Proteins and Enzymes

HPlg was prepared from pooled human plasma by a modification of the Deutsch and Mertz method(20) . Forms 1 and 2 of native HPlg were separated by chromatography on Lys-Sepharose column(21) . Form 2 of HPlg was used throughout this study. HPlm was prepared by activating HPlg with Sepharose-bound urokinase as described previously(22) . Native SK (Behringwerke AG, Marburg, Germany) was further purified by passing it through a Blue-Sepharose CL 6B column to remove serum albumin(15) .

Construction of SK and Truncated SK Genes

The SK gene was amplified by PCR by the standard procedure from Streptococcus equisimilis H46A (ATCC 12449). The 1.3-kilobase DNA fragment was then cloned into the BamHI site of the multicloning region of pGEM-3Z vector (Promega) and propagated in Escherichia coli JM109. Unidirectional deletion of the SK gene was carried out with exonuclease III using the Erase-a-Base system (Promega) to construct truncated SK genes from the NH(2) or COOH terminus. Nucleotide sequences of the SK and truncated genes were determined by dideoxy sequencing method(23, 24) .

Expression and Purification of Recombinant Truncated SK Peptides

Truncated SK genes were subcloned in-frame into the BamHI site of the overproducing plasmid pET-3 (Novagen), in which the cloned genes were inducibly expressed under the control of T7 promoter in E. coli strain BL21(DE3)pLysS. Bacterial cells were grown to mid-log phase at 37 °C, and target gene expression was induced after shifting the incubation temperature to 33 °C and adding 1 mM isopropyl-1-thio-beta-D-galactopyranoside. 3 h later, cells were harvested, washed, and disintegrated by French press, then the proteins were concentrated by ammonium sulfate precipitation. The precipitated proteins were dialyzed and loaded onto a DEAE cellulose column. After elution with salt gradient, the active fractions were detected by HPlg activation with S-2251. Because the HPlg activator activities of some short peptides of SK were too low to detect, the fractions containing SK peptides were also analyzed by SDS-PAGE and Western blotting.
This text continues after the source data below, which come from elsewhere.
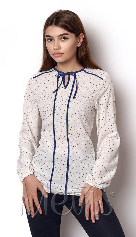 Блузка Mevis моделль 2423 колір молочний, синя окантовка, дрібний яскравий візерунок наявності 146 146 р плечі 31 см, пог 40 см, довжина по спинці 61 см Склад: 50% віскоза, 33% бавовна, 17% поліестер Доставка: Нова пошта, Укрпошта, Justin.
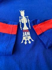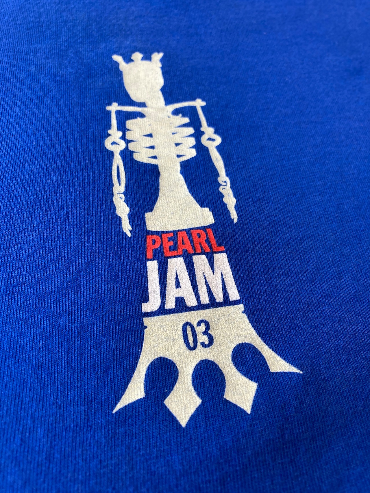 音楽は勿論、ロックTとしても不動の人気を誇るパール・ジャムの02年に7thアルバム「RIOT ACT」 期のデザイン。王冠とスカルのシンプルなデザイン◎個人的にはPEARL JAM らしからぬ配色と珍しい切り替えタイプ且つロンTって球数が少ないので超〜オススメです。
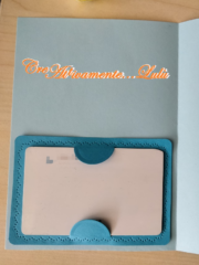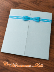 Per l’esterno del biglietto, ho realizzato una fascetta azzurra con al centro un nastrino blu a cuoricini intagliati e un fiocco, per tenere chiusa la scatolina e per inserirvi (sul retro) il bigliettino porta-card regalo con le firme.
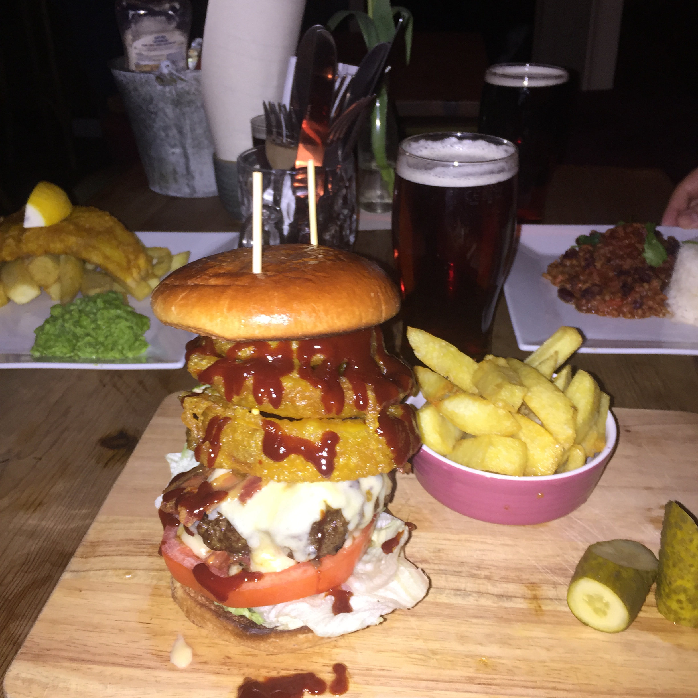 Dinner in Brighton was a traditional English pub with a milehigh burger. The beer was from a local brewery that is older than America. Delicious.

Quantitation of the activities of truncated SK peptides in each purification step was conducted in flat bottomed 96-well plates by activating HPlg to hydrolyze S-2251. A serially diluted native SK (93,750 IU/mg) solution was used as standard.

Protein Concentration

Protein concentrations of SK peptides were determined with Folin reagent (Merck) by the Lowry method (25) .

Preparation of SK(1-59) by HPLC

The NH(2)-terminal peptide SK(1-59) was prepared by incubating native SK (5 µM) with immobilized HPlm (10 µM) at 25 °C for 90 min and purified by HPLC as described previously(19) . The amount of SK(1-59) was determined by amino acid composition analysis.

Amino Acid Sequence Analysis

The amino acid sequence of the truncated SK peptide was determined by Edman degradation in an Applied Biosystems Sequencer (model 477A).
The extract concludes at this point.